• **The data**
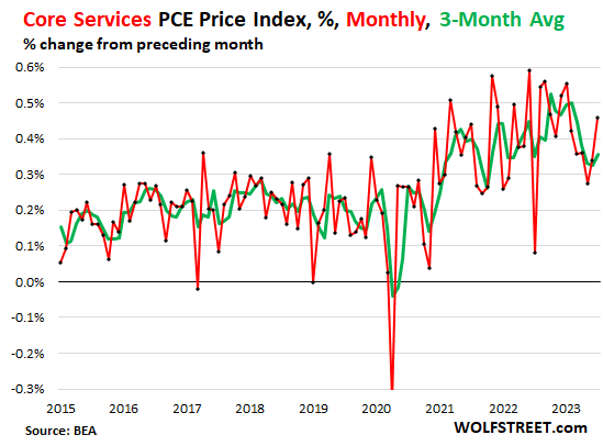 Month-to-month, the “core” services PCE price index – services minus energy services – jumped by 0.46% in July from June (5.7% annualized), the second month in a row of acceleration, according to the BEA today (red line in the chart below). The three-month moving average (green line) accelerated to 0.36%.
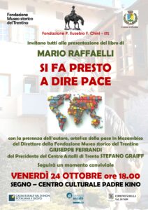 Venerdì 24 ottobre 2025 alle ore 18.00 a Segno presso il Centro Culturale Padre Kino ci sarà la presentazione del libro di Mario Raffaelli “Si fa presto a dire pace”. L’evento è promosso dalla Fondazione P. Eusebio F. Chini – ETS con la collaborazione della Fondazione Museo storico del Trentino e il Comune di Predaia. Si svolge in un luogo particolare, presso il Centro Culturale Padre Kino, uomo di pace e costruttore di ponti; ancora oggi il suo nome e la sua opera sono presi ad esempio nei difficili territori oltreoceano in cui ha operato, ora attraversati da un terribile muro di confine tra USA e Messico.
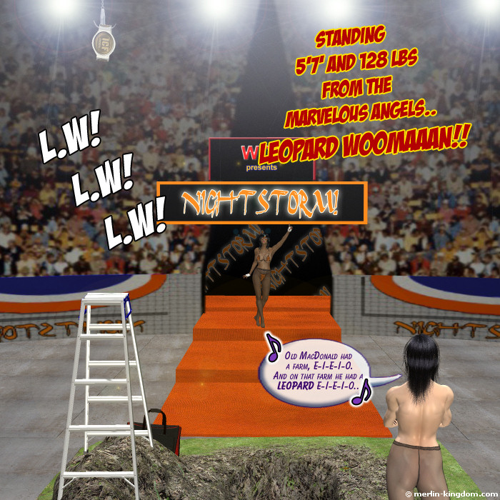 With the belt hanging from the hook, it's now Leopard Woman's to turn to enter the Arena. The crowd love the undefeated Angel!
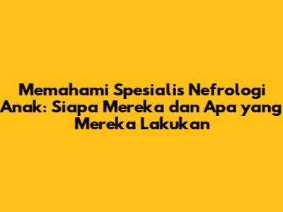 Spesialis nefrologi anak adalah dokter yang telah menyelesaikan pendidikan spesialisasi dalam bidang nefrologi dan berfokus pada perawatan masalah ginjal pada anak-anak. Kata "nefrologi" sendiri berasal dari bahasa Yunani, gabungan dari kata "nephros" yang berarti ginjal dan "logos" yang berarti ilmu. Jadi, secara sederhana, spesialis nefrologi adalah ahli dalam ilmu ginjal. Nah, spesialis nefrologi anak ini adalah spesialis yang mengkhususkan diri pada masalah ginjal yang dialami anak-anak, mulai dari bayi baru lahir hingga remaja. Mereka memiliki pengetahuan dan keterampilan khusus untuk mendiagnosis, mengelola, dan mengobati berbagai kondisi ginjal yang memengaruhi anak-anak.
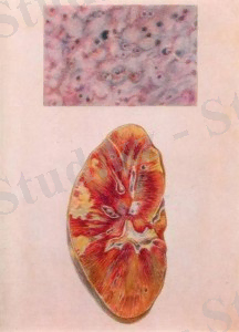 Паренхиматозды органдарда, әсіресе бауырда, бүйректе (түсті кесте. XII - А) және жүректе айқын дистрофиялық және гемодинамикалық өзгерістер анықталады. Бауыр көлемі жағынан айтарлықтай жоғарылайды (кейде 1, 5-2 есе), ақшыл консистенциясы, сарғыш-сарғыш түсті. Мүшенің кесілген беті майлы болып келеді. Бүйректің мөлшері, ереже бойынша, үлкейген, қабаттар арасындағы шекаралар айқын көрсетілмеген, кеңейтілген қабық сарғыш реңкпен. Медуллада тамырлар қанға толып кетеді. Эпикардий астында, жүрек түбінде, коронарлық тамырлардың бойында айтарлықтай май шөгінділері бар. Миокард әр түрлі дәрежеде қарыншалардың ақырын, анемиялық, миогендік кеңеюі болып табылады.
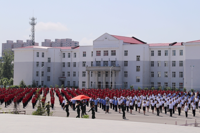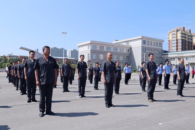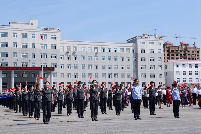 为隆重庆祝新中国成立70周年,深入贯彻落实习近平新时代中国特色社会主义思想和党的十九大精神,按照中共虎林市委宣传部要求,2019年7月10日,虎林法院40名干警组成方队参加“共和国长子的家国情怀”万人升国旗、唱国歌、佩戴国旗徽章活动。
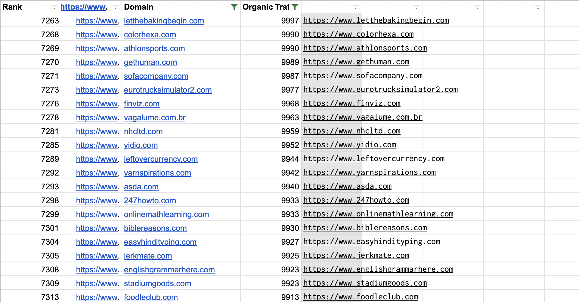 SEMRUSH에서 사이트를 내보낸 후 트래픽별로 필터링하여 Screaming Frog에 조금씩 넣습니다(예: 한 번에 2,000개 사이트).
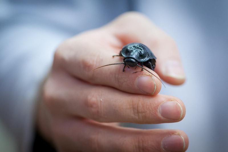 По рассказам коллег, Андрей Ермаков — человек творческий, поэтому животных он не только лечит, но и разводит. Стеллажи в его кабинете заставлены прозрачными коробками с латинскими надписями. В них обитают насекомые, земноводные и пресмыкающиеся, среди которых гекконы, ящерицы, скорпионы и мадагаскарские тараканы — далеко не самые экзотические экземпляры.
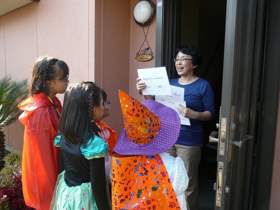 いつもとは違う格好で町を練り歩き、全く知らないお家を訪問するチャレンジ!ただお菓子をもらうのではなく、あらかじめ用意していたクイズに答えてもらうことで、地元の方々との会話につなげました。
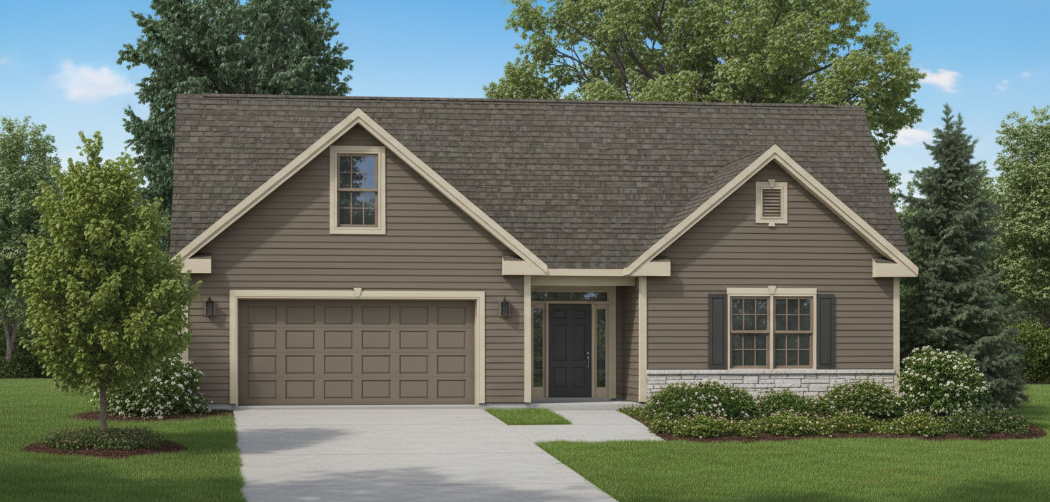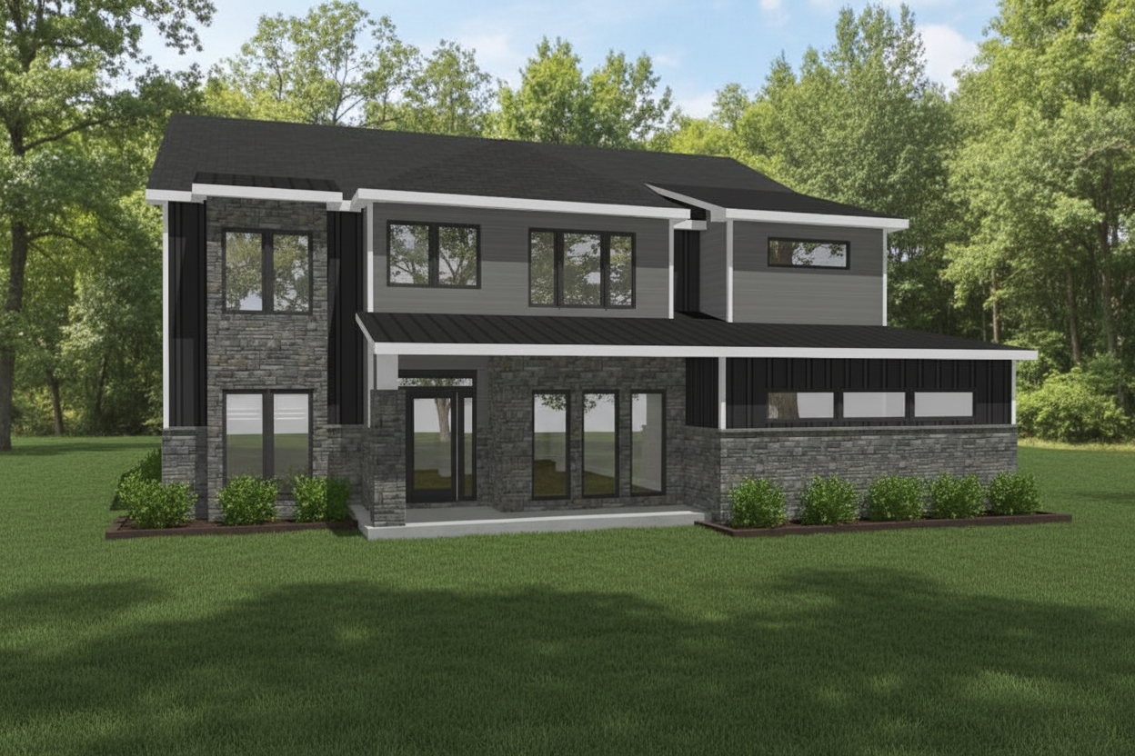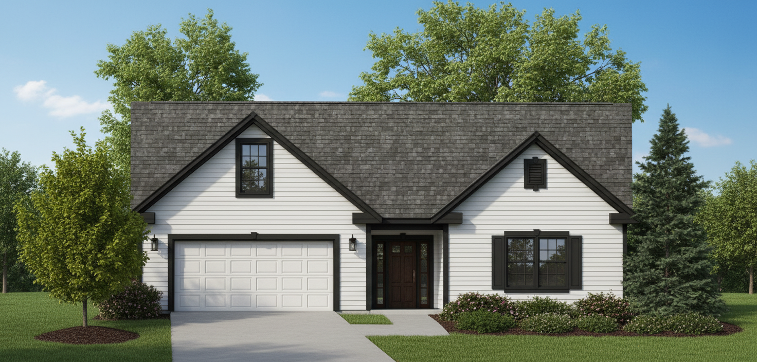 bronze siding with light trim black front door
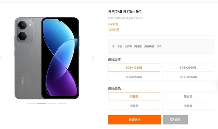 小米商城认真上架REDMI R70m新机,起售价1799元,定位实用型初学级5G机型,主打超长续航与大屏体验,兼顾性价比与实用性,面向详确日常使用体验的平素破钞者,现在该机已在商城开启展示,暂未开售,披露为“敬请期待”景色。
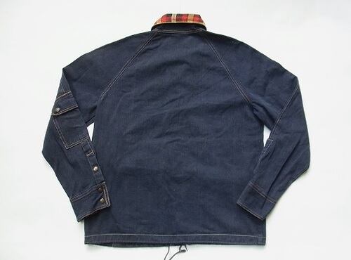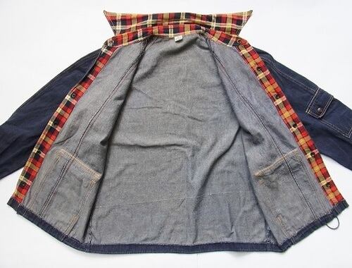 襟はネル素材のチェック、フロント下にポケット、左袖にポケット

• **Work request**
Exactly the lines from the top of the listing through the line with "With the belt", and no pictures, should be printed.

• **Answer to the problem**
 Month-to-month, the “core” services PCE price index – services minus energy services – jumped by 0.46% in July from June (5.7% annualized), the second month in a row of acceleration, according to the BEA today (red line in the chart below). The three-month moving average (green line) accelerated to 0.36%.
 Venerdì 24 ottobre 2025 alle ore 18.00 a Segno presso il Centro Culturale Padre Kino ci sarà la presentazione del libro di Mario Raffaelli “Si fa presto a dire pace”. L’evento è promosso dalla Fondazione P. Eusebio F. Chini – ETS con la collaborazione della Fondazione Museo storico del Trentino e il Comune di Predaia. Si svolge in un luogo particolare, presso il Centro Culturale Padre Kino, uomo di pace e costruttore di ponti; ancora oggi il suo nome e la sua opera sono presi ad esempio nei difficili territori oltreoceano in cui ha operato, ora attraversati da un terribile muro di confine tra USA e Messico.
 With the belt hanging from the hook, it's now Leopard Woman's to turn to enter the Arena. The crowd love the undefeated Angel!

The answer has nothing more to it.